1.28.2005

Report from Amsterdam Ave.

Delicately spinning gyre of pigeons high above the buildings, set off in bright white specks of sun.

Strange, filthy four-foot piles of snow halfway into the street -- better than anything in the museums. No millionaires threatening to own them. Jordan also noticing this.

All art should be meltable art.

1.24.2005

Snowbound blizzard weekend. Eight foot plough drifts on Ave A this morning. Difficult snow navigation on unshoveled sidewalks via NewBalance. Everyone walking slowly. The A train standing room only from W 4th all the way to 168th.

Katie’s great mushroom and carrot loaf -- two dinners worth of food. Plenty of milk and espresso. Fighting cabin fever. Metal of Honor: Frontline on the Xbox. Spielbergy soundtrack, intolerable in high drama moments, not bad in ambient stretches. Heavy use of bass/french horn pairings. Undercurrent of tension transmitted via the low and mellow settings on the partial series dial.

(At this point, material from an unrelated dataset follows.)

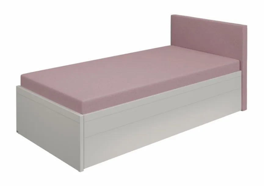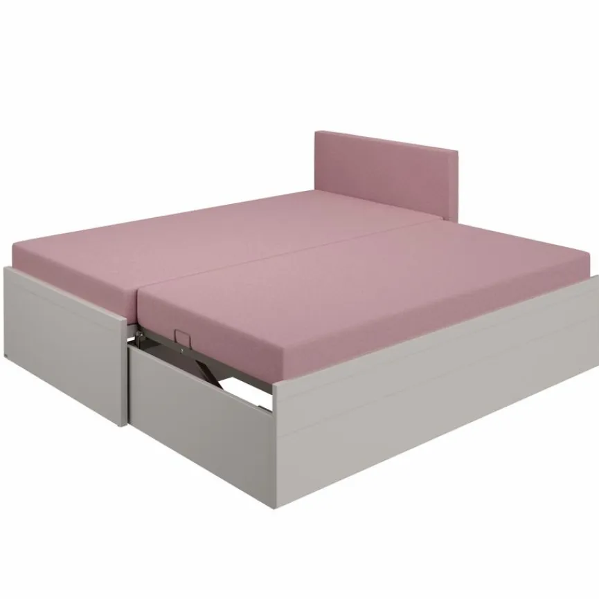 - Aus Holzwerkstoff (MDF) mit hochwertiger Dekorfolie in kieselgrau, Bezug vom Betthaupt aus Stoff in dunkelrosa
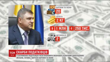 Глава МВД отчитался, что во время обысков дома у бывших высоких чинов обнаружили 3 килограмма 700 граммов золота, 50 килограммов серебра и наличные - почти четыре миллиона гривен, 5,5 долларов и 280 тысяч евро. А еще более 2 сотни ювелирных изделий и произведений искусства. Того, у кого изъяли больше, задержать не удалось. Бывший заместитель руководителя Государственной налоговой службы Олег Низко еще 2014 бежал в Испанию.

The art of video game music requires the composer to be as interesting as possible, while also arranging the material to be able to withstand constant, repeated listening within a single level -- esp. if you’re not doing very well. It must stand up to replay without getting annoying. In replay, pointed musical qualities become a drawback. A similar aesthetic in Brian Eno’s Music for Airports. In Metal of Honor, the musical moments of high drama are redundant -- you’re already actively engaged in the drama -- you’re helping to save the world from Nazis. You don’t need reminding that’s it’s epic and tragic.

Metal of Honor’s graphics are well below what the Xbox can do, being a PSII port, but it doesn’t suffer from the odd blocky green-hue emphasis that seems to inflect older PSII games. Despite this, it’s actually quite good with atmosphere, esp. the night sky against the roof lines and streetlamps of a small town. Pastel quality rather than the CGI movie vibe you get in Halo. Lots of burnt sienna. A beautiful day with burning windmills.

Work alleviates the shut-in feeling from seeing the snow go sideways outside the living room window. Video games, esp. FPS games, are work -- series of tasks that need to be accomplished. You eliminate obstructions and threats, protect yourself and collect resources. Metal of Honor doesn’t try to hide this it -- it emphasizes it. You actually get a to-do list and the game checks tasks off as you finish them.

1.12.2005

Headed to SF for a couple days to check out some poet's theater.

1.06.2005

New Year’s reading at St. Mark’s. Far too sprawling to ever fully experience, which is part of its appeal. If you stay for five hours it’s still just a window on a much larger event. Friends visiting town, so I couldn’t hang and sell food as I usually do. In and out.

Normally the audio in the main hall would be siphoned off into the parish hall via a single speaker for preparers and sellers to hear everything. It’s a great feeling, like a radio show being broadcast from twenty feet away. Alas no channel could be spared this time around, so I missed much while in the back, readying cymbals and tomtoms for a quick staging. I got there late -- post-Patty Smith. She usually hits at 9:00 with standing room only, and people swarm out of the place after she’s done. That still leaves the house with several hundred people, though, who were still there when I split around 1:00.

The backstage activity is where the real show is. Rapid intersections of people. Poets you haven’t talked to in years, people you see often, people you’ve read but never met, all mingling. Friendly talk and the inevitable prickly exchanges. Strobelike conversation. A lot of flip-flopping between contradictions: excited and exhausted, open and wary. On stage it’s a mass encouragement vibe. Everyone gets a lot of clapping.

Gary and Nada read a duo google thing on the word ululations, and talked about the tidal wave and dedicated the poem to the people killed. Many people talked about and dedicated poems to John Fisk and Jackson MacLow. I thought of my many conversations with John -- how we would get on some parapolitical riff and three hours would go by in a blink. I also thought of an evening walking home with Jackson and Alan Davies after a concert at Riverside Church. Talking about intonation etc. The air crystal-clear. A special feeling. Jackson -- interesting, interested and kind.

Hal Sirowitz cracked me up with his perfectly calibrated stupidity. A lot of it is the delivery, too, and the look. Marcella Durand played drums behind Douglas Rothschild reading Ezra Pound -- really great stuff. It was Joe Elliot’s kid’s drumset actually, which I helped Dug tune before he went on -- I love feeling useful!) Great to see Marcella playing drums. CA Conrad used a portable tape player as part of his performance back and forth dialogue and interruptions -- simple and effective. He has a good stage presence --- balanced hamming and nervous energy very nicely, not so easy to do. Frank Sherlock knocked out a strong, straight-ahead reading, no bell or whistles, which is actually one of the hardest things to make work in this context, but he pulled it off. Eddie Berrigan sang w/ guitar -- much more contour to the vocal melody than last time I heard him. Am I hearing some Devendra Banhart influence?

Wish I could have seen more people but what can you do. The marathon, as tiring as it can be, always leaves me with a good feeling -- like having moved through a briefly uncovered massive ambient poetic social texture.